• [EXERCISE BRIEF]:
Leaving out the images, please reproduce each line below exactly.

• [RECORDED INFORMATION]:
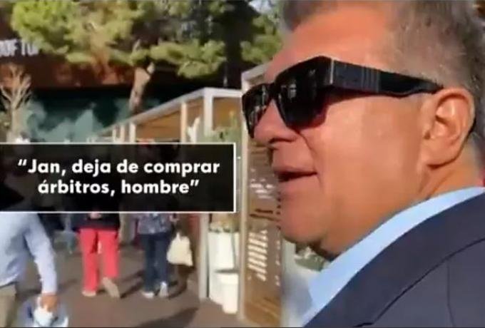 Σε τουρνουά τένις, στη Βαρκελώνη, βρέθηκε το Σάββατο ο Ζοάν Λαπόρτα, όταν ένας οπαδός τον πλησίασε και του είπε την ατάκα "Σταμάτα να εξαγοράζεις διαιτητές".
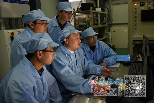 江风益(中)和他的研究团队。江西日报记者罗德斌摄
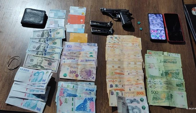 Una pistola cal. 22 con dos cargadores, cartuchos, dos celulares, una suma de dinero en moneda nacional y extranjera (dólares). Cabe destacar que, el vehículo mencionado, estaría implicado en un hecho ocurrido en el sector de Banda Norte, donde algunos sujetos habrían efectuado disparos con un arma de fuego.

• [TASK SOLUTION]:
 Σε τουρνουά τένις, στη Βαρκελώνη, βρέθηκε το Σάββατο ο Ζοάν Λαπόρτα, όταν ένας οπαδός τον πλησίασε και του είπε την ατάκα "Σταμάτα να εξαγοράζεις διαιτητές".
 江风益(中)和他的研究团队。江西日报记者罗德斌摄
 Una pistola cal. 22 con dos cargadores, cartuchos, dos celulares, una suma de dinero en moneda nacional y extranjera (dólares). Cabe destacar que, el vehículo mencionado, estaría implicado en un hecho ocurrido en el sector de Banda Norte, donde algunos sujetos habrían efectuado disparos con un arma de fuego.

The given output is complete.